Mash-ups can vary in complexity from the previous example, which requires some considerable level of programming skills right down to providing users with the ability to choose which applications they want to see in their browser at the same time (e.g., users can very simply build a home page experience using Google’s gadgets) and which can optionally share data and/or events between them. At this more simple level, mash-ups overlap with the traditional portal/portlet approach supporting dynamic web applications. However, as the data aggregation becomes tighter, the individual applications in the mash-up become true hybrid applications with their own unique business value.

While early mash-ups required significant programming skills from the developers, mash-up editors that simplify the process have now emerged so that increasingly complex types of mash-up are within the reach of end users. And users’ expectations of possible hybrid applications grow correspondingly.

The bottom line here is that Web 2.0 is leading end users to believe that they can and should have a new level of control on how they see and use their IT-provided service. And, increasingly, the technology is enabling them to bring that belief into reality.

Integration to the Power of Two

The emergence of both of these integration enablers in the same time frame is the real game-changer for business intelligence. Now, both IT and end users have the same belief structure: integration of currently disparate and diverse systems is good! It’s good for business and good for the users themselves. It’s good for IT and the way that the business views IT spending. Not just as a cost, but as a potential contributor to the company’s bottom line. With these beliefs, it becomes clear that integration will continue to grow, both within the operational, informational and collaborative disciplines and across them.

What are the implications for the business intelligence community? Trying to hold back the tide is probably not a viable strategy, as King Canute demonstrated to his fawning courtiers. This particular tide of integration, driven both by end users and the powerhouse of operational IT, is set to sweep away the currently independent IT princedoms of business intelligence and collaborative computing.

However, canny business intelligence princes may have already noticed that in some key, strategic areas, the IT king is wearing no clothes! Integration of information from disparate sources is something business intelligence has striven to achieve for more than 20 years. And it’s not as easy as it seems. So, integration of applications, based on the in-flight integration of the information they exchange, whether by SOA at the back end or Web 2.0 at the front, is likely to be a long and painful campaign. Clearly, a savvy BI prince may have something of value to bring to the battlefield. My next article, “Intelligent Integration Depends on Business Intelligence”, will deal with this topic.

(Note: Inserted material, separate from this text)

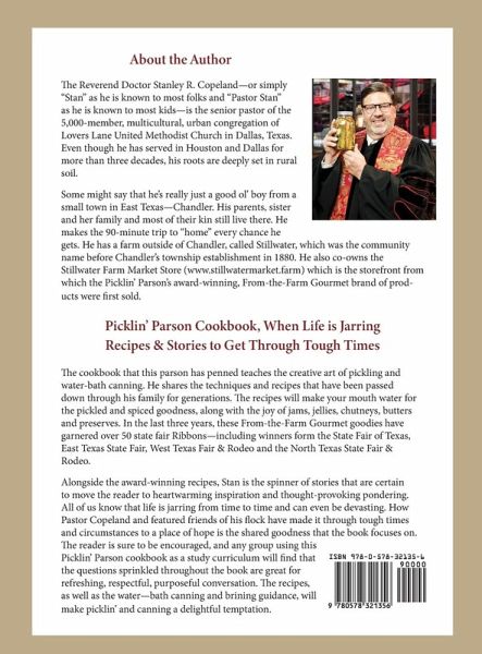 The cookbook that this parson has penned teaches the creative art of pickling and water-bath canning. He shares the techniques and recipes that have been passed down through his family for generations. The recipes will make your mouth water for the pickled and spiced goodness, along with the joy of jams, jellies, chutneys, butters and preserves. In the last three years, these From-the-Farm Gourmet goodies have garnered over 50 state fair ribbons-including winners from the State Fair of Texas, East Texas State Fair, West Texas Fair & Rodeo and North Texas State Fair & Rodeo. Alongside the award-winning recipes, Stan is the spinner of stories that are certain to move the reader to heartwarming inspiration and thought-provoking pondering. All of us know that life is jarring from time to time and can even be devastating. How Pastor Copeland and featured friends of his flock have made it through tough times and circumstances to a place of hope is the shared goodness that the book focuses on. The reader is sure to be encouraged, and any group using this Picklin' Parson cookbook as a study curriculum will find that the questions sprinkled throughout the book are great for refreshing, respectful, purposeful conversations. The recipes-as well as the water-bath canning and brining guidance-will make picklin' and canning a delightful temptation.

For now, let’s wrap up the Web 2.0 topic. Our exploration of Web 2.0 has found it to be more of a shift in thinking than a deep, core change in the IT environment. The shift is largely in the minds of end users, empowering them to take more responsibility for their day-to-day interactions with the IT environment. Web 2.0 drives the need for a greater level of integration between currently disparate applications and the belief that such integration is possible and even to some extent within the hands of end users themselves. On their own, however, we have found only limited evidence that “Web 2.0 technologies” can effect the necessary level of change.

However, the combination of SOA and Web 2.0 is a potent force for change, uniting IT and end users in a common quest. Where Web 2.0 provides the user impetus, SOA contributes the IT engineering. Together, they do form the foundations of a highly evolved business.